Unnamed: 0,Invoice,StockCode,Description,Quantity,InvoiceDate,Price,Customer ID,Country
263,489464,21733,85123a mixed,-96,2009-12-01 10:52:00,0.0,,United Kingdom
283,489463,71477,short,-240,2009-12-01 10:52:00,0.0,,United Kingdom
284,489467,85123A,21733 mixed,-192,2009-12-01 10:53:00,0.0,,United Kingdom
470,489521,21646,,-50,2009-12-01 11:44:00,0.0,,United Kingdom
577,489525,85226C,BLUE PULL BACK RACING CAR,1,2009-12-01 11:49:00,0.55,,United Kingdom


**Observation**

A significant portion of rows contain missing `Customer ID` values. Retaining these rows would prevent accurate customer-level analysis, motivating their removal during cleaning.


## Invoice Date Inspection

The `InvoiceDate` field is examined to confirm correct parsing and to understand the overall time span of the dataset.

In [None]:
# Check type
df['InvoiceDate'].dtype

In [53]:
# Convert to datetime safely (do not overwrite yet)
invoice_dates = pd.to_datetime(df['InvoiceDate'], errors='coerce')

In [54]:
# How many failed to parse?
invoice_dates.isna().sum()

np.int64(0)

In [55]:
# Date range
invoice_dates.min(), invoice_dates.max()

(Timestamp('2009-12-01 07:45:00'), Timestamp('2010-12-09 20:01:00'))

**Observation**

All invoice dates successfully parse as valid timestamps. The dataset spans multiple years, enabling time-series aggregation and trend analysis.


## Country Field Inspection

The `Country` field is reviewed for inconsistencies, unexpected values, or data entry errors.


In [56]:
# Number of unique countries
df['Country'].nunique()

40

In [57]:
# Top countries by frequency
df['Country'].value_counts().head(10)

Unnamed: 0_level_0,count
Country,Unnamed: 1_level_1
United Kingdom,485852
EIRE,9670
Germany,8129
France,5772
Netherlands,2769
Spain,1278
Switzerland,1187
Portugal,1101
Belgium,1054
Channel Islands,906


In [None]:
# Bottom (rare ones)
df['Country'].value_counts().tail(10)

**Observation**

Country values appear consistent and well-formed.
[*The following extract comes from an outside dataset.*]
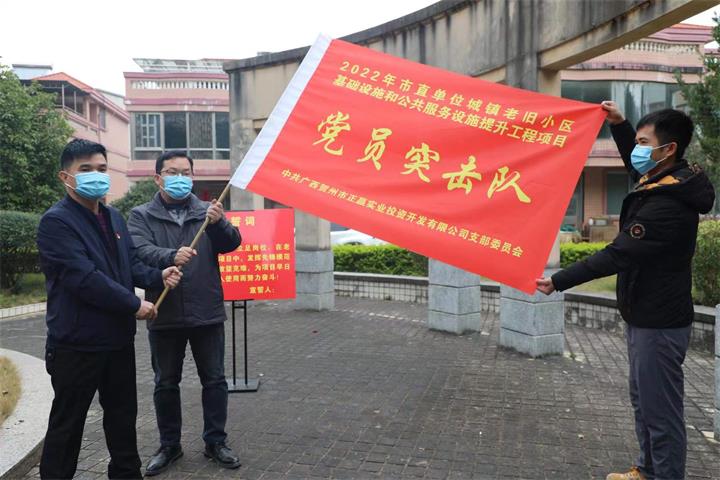 隨后,活動人員來到了賀州市檢察院生活小區,該小區是正贏實業公司負責實施的賀州市2022年市直單位城鎮老舊小區基礎設施和公共服務設施提升工程項目其中一個老舊小區。在老舊小區現場,支部開展了黨員對標承諾活動,并成立了2022年市直單位老舊小區基礎設施和公共服務設施提升工程項目“黨員突擊隊”。柳國忠強調,全體黨員要通過向身邊的優秀黨員學習并從中確立標桿和榜樣,在項目建設中以黨員的標準嚴格要求自己,帶頭攻堅克難,沖鋒在項目一線,更好的為人民群眾服務。
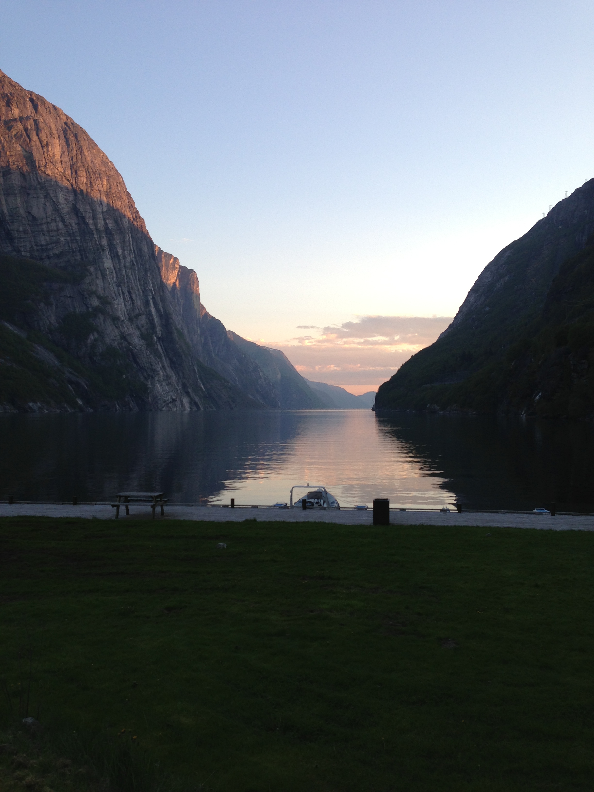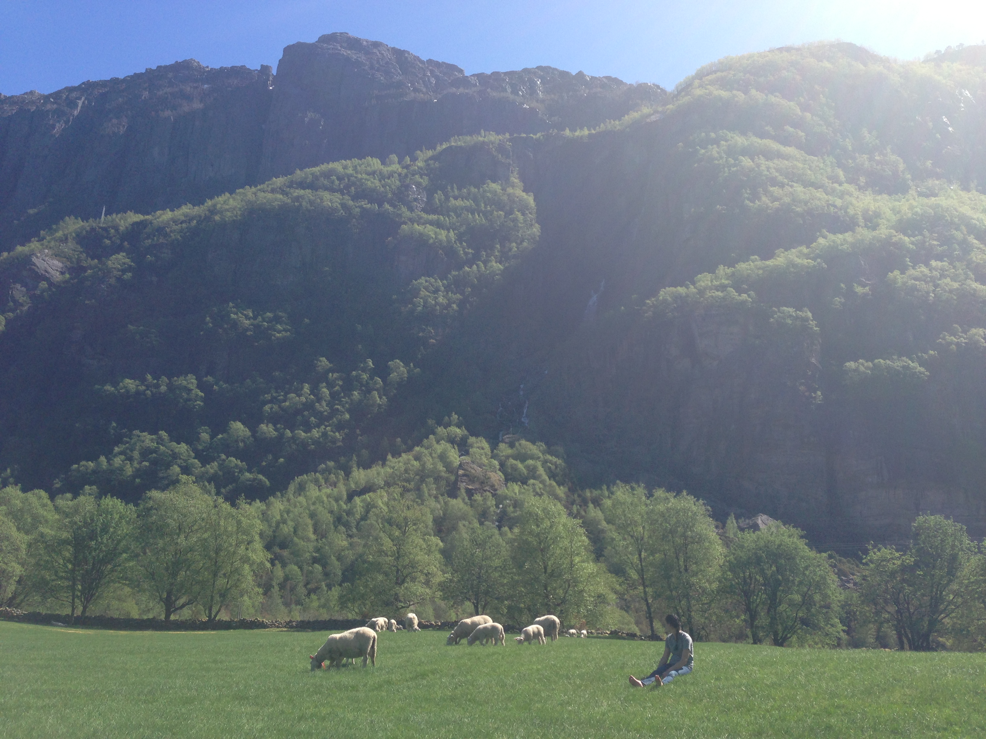Once everything was settled, we ventured out into the tiny village. There was a single road (the same bazillion-hairpin-turn one that led down into the valley) that followed our “bubbling brook” down to Lysefjord. We became very familiar with this scenic road and the few houses and many sheep that peppered it. Every day for 6 days we would walk and talk up and down this road and there were 4 really great reasons for doing so.

Rare countries are retained to preserve full geographic coverage.


## Summary of Data Quality Findings

Based on exploratory analysis, the following data quality issues were identified:

- Cancelled invoices indicated by invoice numbers starting with "C"
- Negative or zero quantities representing returns or invalid transactions
- Zero or negative unit prices that invalidate revenue calculations
- Missing customer identifiers that prevent customer-level analysis

These observations directly inform the data cleaning rules documented separately in `cleaning_rules.md`.